CharData is only used a few times in the abstract syntax of the spec, it
will have meaning only for people who are very familiar with it.

> 2. Single and double quotes are the wording that I am more acquainted
> with, but I have no hard opinion so if you want _QUOT/_APOS, sure.

I am fine with "double_quotes" and "single_quotes" or "dquot" and
"squot" too.

> > Outside attributes, " and ' do not need to be quoted.
> 
> I think this is where I'm slightly going out of my comfort zone. This
> is already existing code, and I just moved it out of ffprobe (where it
> was already successfully merged and existed for a while). Additionally
> the expression for char_data does at least reference single quotes. I
> do see the paragraph at the end of 2.4 that notes

Let us take a few steps back.

The spec says:

- < needs to be always escaped;

- ' needs to be escaped when between ';

- " needs to be escaped when between ".

Common sens and good practice say:

- characters that do not need to be escaped should not be escaped.

(With XML, we make an exception for that last rule for >.)

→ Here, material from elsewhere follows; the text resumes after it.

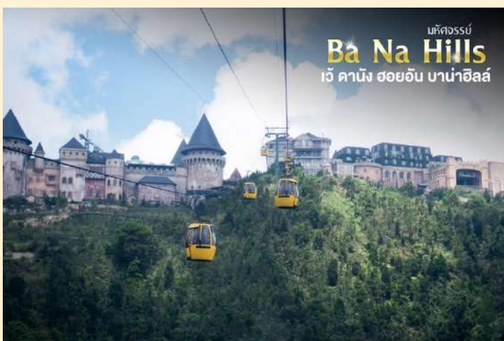
มหิตจรรย์ Ba Na Hills เว้ คานิง ฮอยอัน บานาฮิลล์

กระเช้าแห่งบานาฮิลล์นี้ได้รับการบันทึกสถิติโลกโดยWorld Record ว่าเป็นกระเช้าไฟฟ้าที่ยาวที่สุดประเภท Non Stop โดยไม่หยุดแะมีความยาวทั้งสิ้น 5,042 เมตรและเป็นกระเช้าที่สูงที่สุดที่ 1,294 เมตรนักท่องเที่ยวจะได้สัมผัสปุยมะหมอกและบางจุดมี

Therefore, we need three modes:

- one mode to use between ';

- one mode to use between ";

- one mode to use outside.

> > To allow attribute values to contain both single and double quotes, the apostrophe or single-quote character (') may be represented as "&apos;", and the double-quote character (") as "&quot;"."
> 
> Of course, which seems specific to attribute values.

> But at this point I'm 50/50 if it makes even sense for me to continue
> this struggle or if this is an unclear message from you to me that I
> should just utilize libxml2, which is already utilized in the DASH
> demuxer. Mostly because there I at least can relatively surely know
> that (probably) not only escaping, but also removal of invalid UTF-8
> might be handled by it (which we currently do not do either with JSON
> or XML output from ffprobe as far as I know). That way also I don't
> have to attempt to be a nice person and attempt to re-utilize existing
> code from ffprobe, nor do I have to touch ffprobe.

libxml2 has a terrible track records in terms of stability, including
security. We should strive to use it less, not more.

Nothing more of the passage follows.